### Problem statement
Restate word for word the lines below that run from the one holding "Let your pet" through the one holding "أبي طَالب لذَلِك.", inclusive. Pictures don't belong in the copy.

### Information
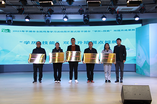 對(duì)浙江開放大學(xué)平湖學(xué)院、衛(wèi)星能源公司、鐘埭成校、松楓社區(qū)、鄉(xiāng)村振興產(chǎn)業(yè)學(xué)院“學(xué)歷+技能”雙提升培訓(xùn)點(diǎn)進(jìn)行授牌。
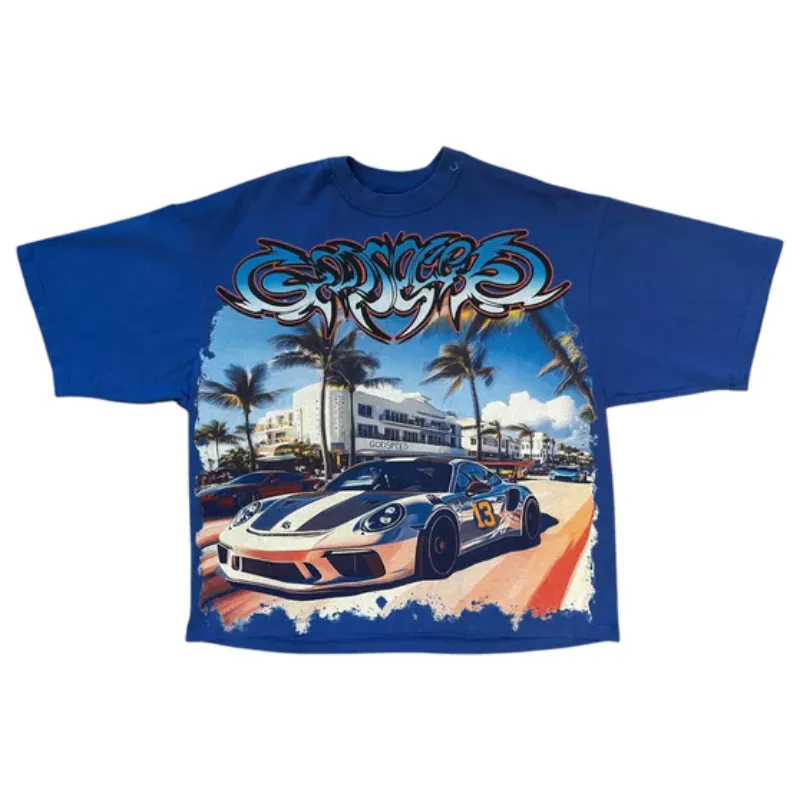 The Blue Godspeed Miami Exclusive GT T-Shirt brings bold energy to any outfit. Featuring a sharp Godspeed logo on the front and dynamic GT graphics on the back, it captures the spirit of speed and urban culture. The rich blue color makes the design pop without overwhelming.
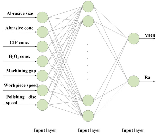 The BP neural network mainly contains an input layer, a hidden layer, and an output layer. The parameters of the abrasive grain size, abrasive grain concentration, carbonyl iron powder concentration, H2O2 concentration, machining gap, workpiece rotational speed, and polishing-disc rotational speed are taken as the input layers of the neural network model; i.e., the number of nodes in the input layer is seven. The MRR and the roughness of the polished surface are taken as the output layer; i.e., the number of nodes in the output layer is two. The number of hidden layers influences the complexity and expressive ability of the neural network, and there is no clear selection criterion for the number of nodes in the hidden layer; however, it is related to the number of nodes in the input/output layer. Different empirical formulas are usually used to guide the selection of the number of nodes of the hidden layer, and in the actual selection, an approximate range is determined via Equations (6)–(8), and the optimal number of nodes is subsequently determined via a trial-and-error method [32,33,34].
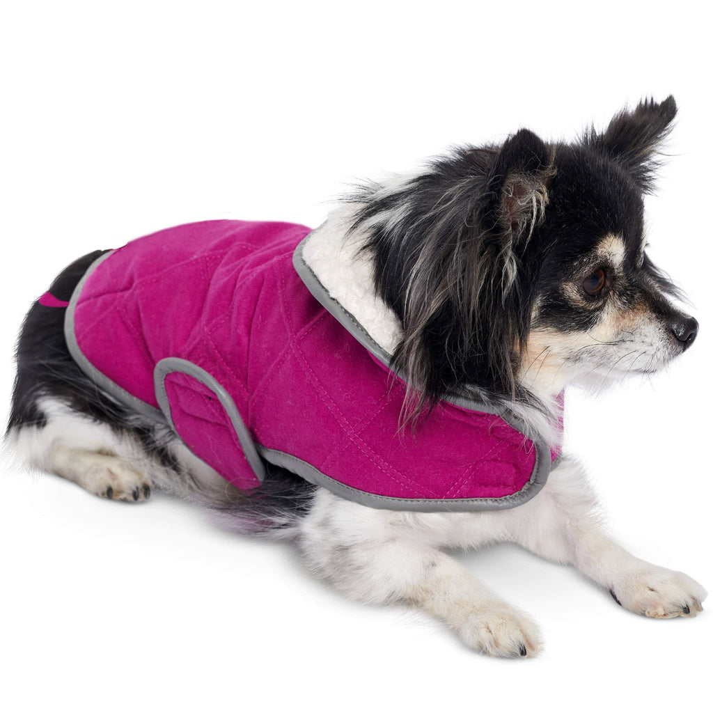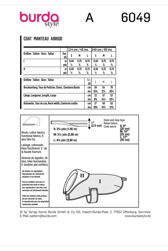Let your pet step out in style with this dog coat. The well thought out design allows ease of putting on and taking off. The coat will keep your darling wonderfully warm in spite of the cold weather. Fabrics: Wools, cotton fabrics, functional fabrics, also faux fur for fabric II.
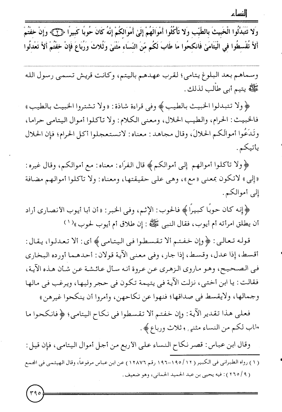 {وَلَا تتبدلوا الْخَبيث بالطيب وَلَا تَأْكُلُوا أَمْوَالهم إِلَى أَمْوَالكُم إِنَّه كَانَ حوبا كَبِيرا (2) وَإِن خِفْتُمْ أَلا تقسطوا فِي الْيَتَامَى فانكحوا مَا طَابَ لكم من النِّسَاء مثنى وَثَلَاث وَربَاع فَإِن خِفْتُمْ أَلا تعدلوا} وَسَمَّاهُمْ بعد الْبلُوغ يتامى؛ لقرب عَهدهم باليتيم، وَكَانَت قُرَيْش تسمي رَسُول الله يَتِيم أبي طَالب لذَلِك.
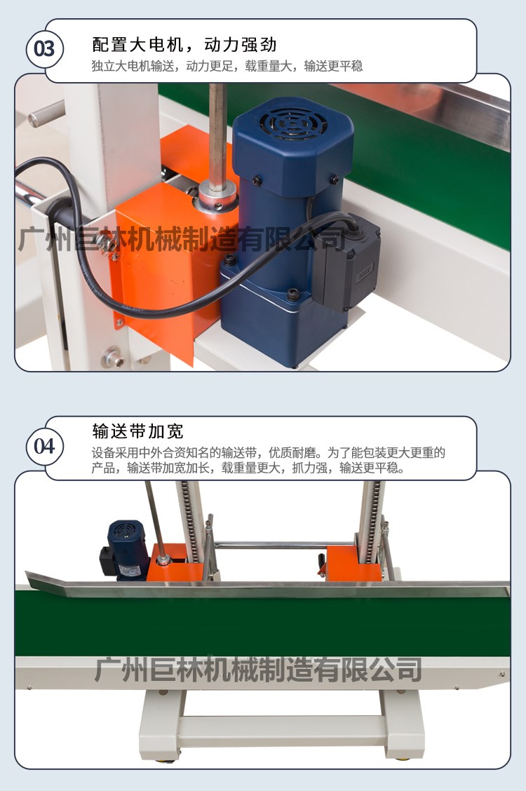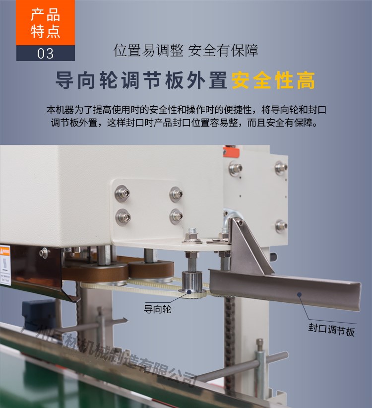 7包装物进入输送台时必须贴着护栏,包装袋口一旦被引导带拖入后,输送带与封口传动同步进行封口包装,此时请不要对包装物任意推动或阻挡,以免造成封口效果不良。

...

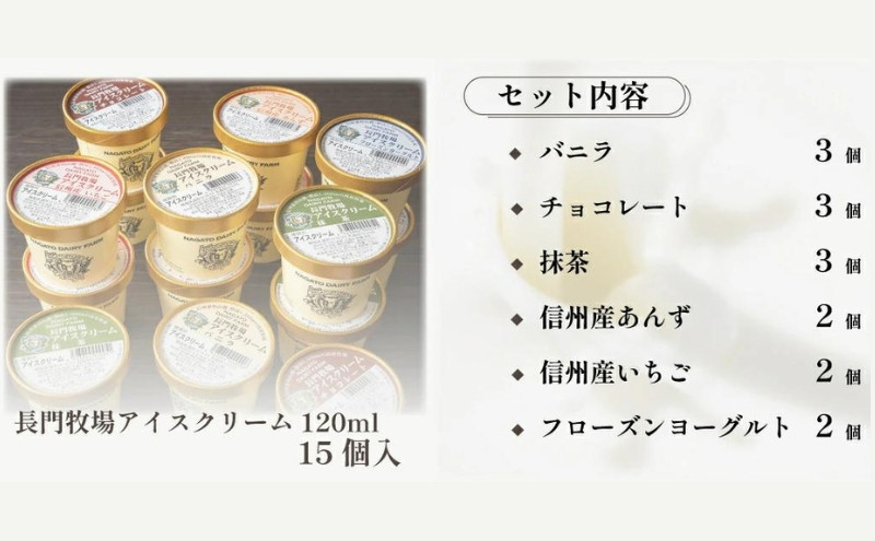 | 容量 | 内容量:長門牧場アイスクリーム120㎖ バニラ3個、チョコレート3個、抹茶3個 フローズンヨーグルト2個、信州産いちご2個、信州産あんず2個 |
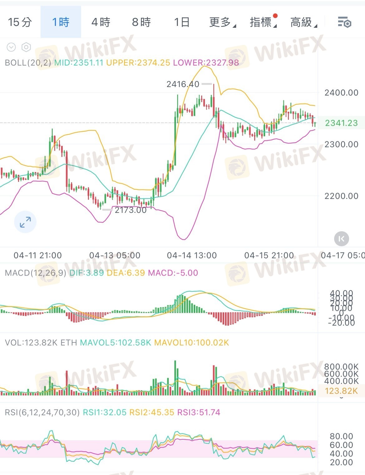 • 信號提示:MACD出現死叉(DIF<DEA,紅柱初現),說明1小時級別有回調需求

### Output of the task
Let your pet step out in style with this dog coat. The well thought out design allows ease of putting on and taking off. The coat will keep your darling wonderfully warm in spite of the cold weather. Fabrics: Wools, cotton fabrics, functional fabrics, also faux fur for fabric II.
 {وَلَا تتبدلوا الْخَبيث بالطيب وَلَا تَأْكُلُوا أَمْوَالهم إِلَى أَمْوَالكُم إِنَّه كَانَ حوبا كَبِيرا (2) وَإِن خِفْتُمْ أَلا تقسطوا فِي الْيَتَامَى فانكحوا مَا طَابَ لكم من النِّسَاء مثنى وَثَلَاث وَربَاع فَإِن خِفْتُمْ أَلا تعدلوا} وَسَمَّاهُمْ بعد الْبلُوغ يتامى؛ لقرب عَهدهم باليتيم، وَكَانَت قُرَيْش تسمي رَسُول الله يَتِيم أبي طَالب لذَلِك.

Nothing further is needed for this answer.